» **The problem**
All lines from the one holding "고교영어 절대평가 PLAN" through the last line of the entries below must be transcribed exactly, and no others. Pictures do not go in.

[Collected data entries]

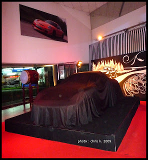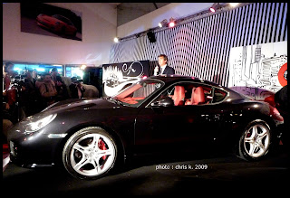 Ya en el interior, con una puesta en escena que incluía a la DJ Mina y de fondo, artistas realizando graffitis con aerosoles en vivo detrás de los dos Porsches, aun cubiertos. Llego el turno de develar las unidades cubiertas y de unas palabras del titular de Porsche en Argentina, el Sr. Hugo Pulenta.
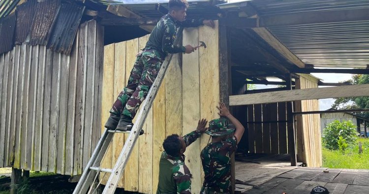Pegunungan Bintang - Dalam upaya membantu kesulitan warga di perbatasan, Satgas Pamtas RIa-PNG Statis Yonif 753/AVT Pos Batom melaksanakan renovasi rumah milik Bapak Obiet Kimki (47 th), warga Kampung Batom, Distrik Batom, Pegunungan Bintang, pada Sabtu (21/02/2026).
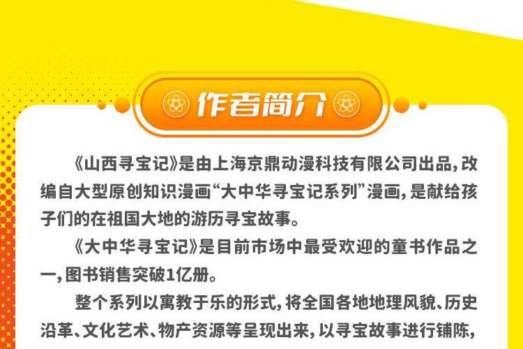 《大中华寻宝记》系列创作公司为上海京鼎动漫科技有限公司,是国内顶尖动漫内容创作公司,被国家文化部评为国家动漫企业,旗下内容品牌包括“漫画中国”系列、《大中华寻宝记》系列、《植物大战僵尸》、《熊出没》等耳熟能详的一线动漫作品。
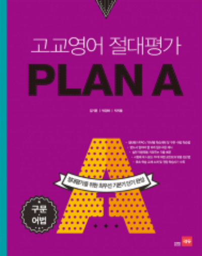 고교영어 절대평가 PLAN A는 절대평가 시대에 가장 기본적이고 최우선시되는 영어의 기본 핵심을 분야별(구문·어법, 독해, 어휘) 3권 시리즈로 담고 있다. 구문 어법편에는 빈출 구문 핵심포인트 16개와 빈출 어법 포인트 10개를 중심으로 정확하고 빠른 학습을 위한 특급 노하우를 소개한다. 또, 앞으로의 영어 공부를 위한 “절대평가 로드맵”을 통해 효율적인 학습계획까지 세울 수 있도록 완벽하게 구성했다.
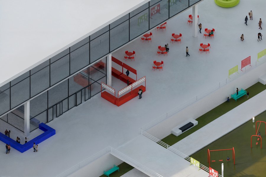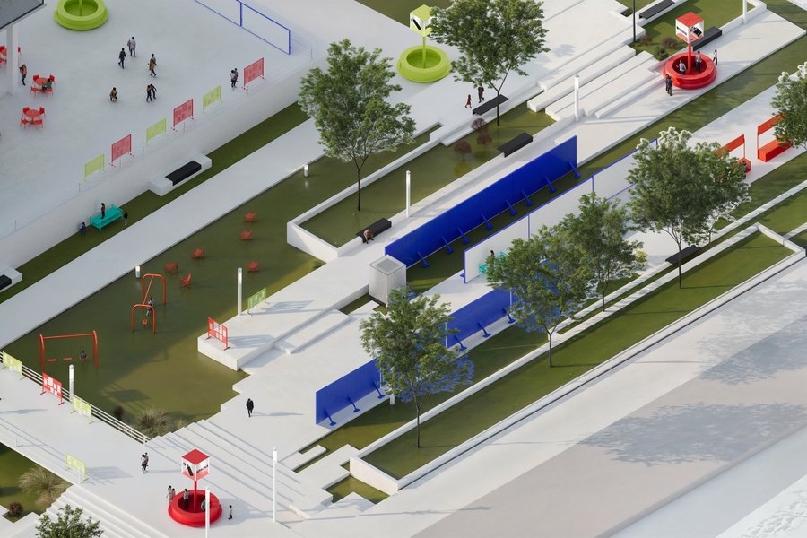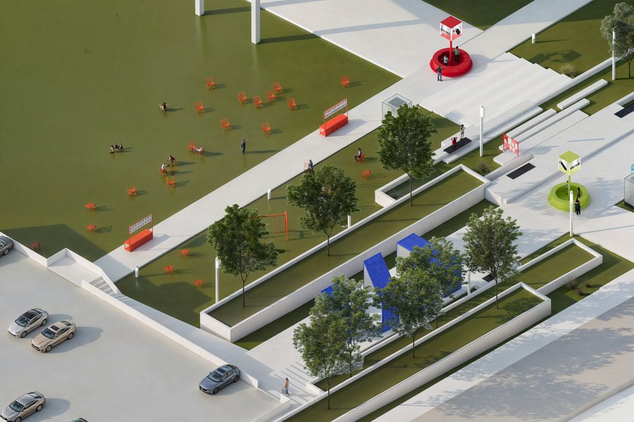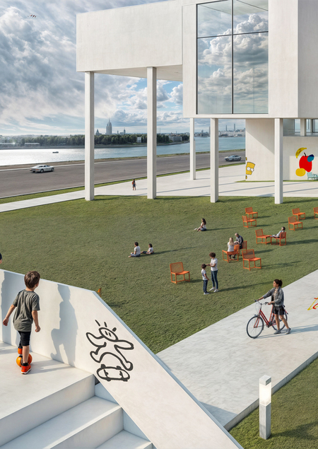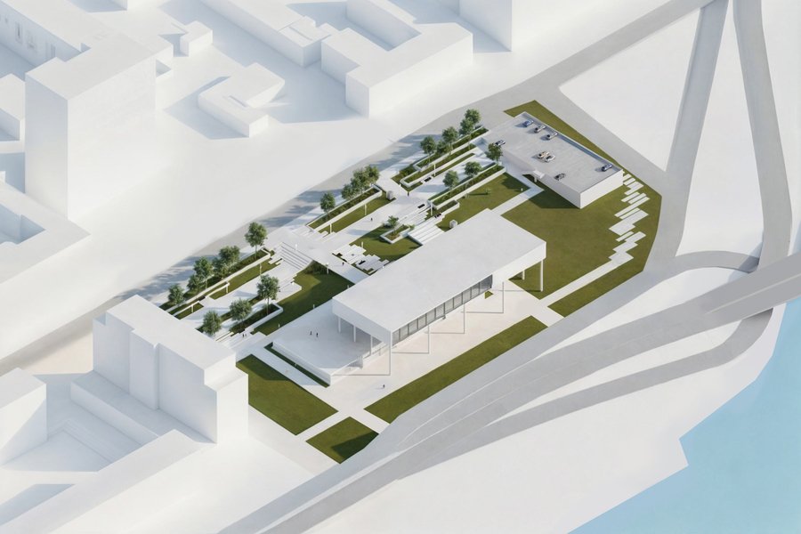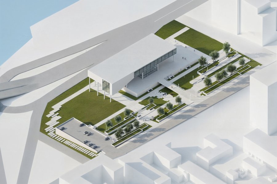 Визуальный стиль благоустройства напрямую продолжает архитектуру музея за счет прямолинейных форм и повторяющихся горизонталей

» **Answer section**
 고교영어 절대평가 PLAN A는 절대평가 시대에 가장 기본적이고 최우선시되는 영어의 기본 핵심을 분야별(구문·어법, 독해, 어휘) 3권 시리즈로 담고 있다. 구문 어법편에는 빈출 구문 핵심포인트 16개와 빈출 어법 포인트 10개를 중심으로 정확하고 빠른 학습을 위한 특급 노하우를 소개한다. 또, 앞으로의 영어 공부를 위한 “절대평가 로드맵”을 통해 효율적인 학습계획까지 세울 수 있도록 완벽하게 구성했다.
 Визуальный стиль благоустройства напрямую продолжает архитектуру музея за счет прямолинейных форм и повторяющихся горизонталей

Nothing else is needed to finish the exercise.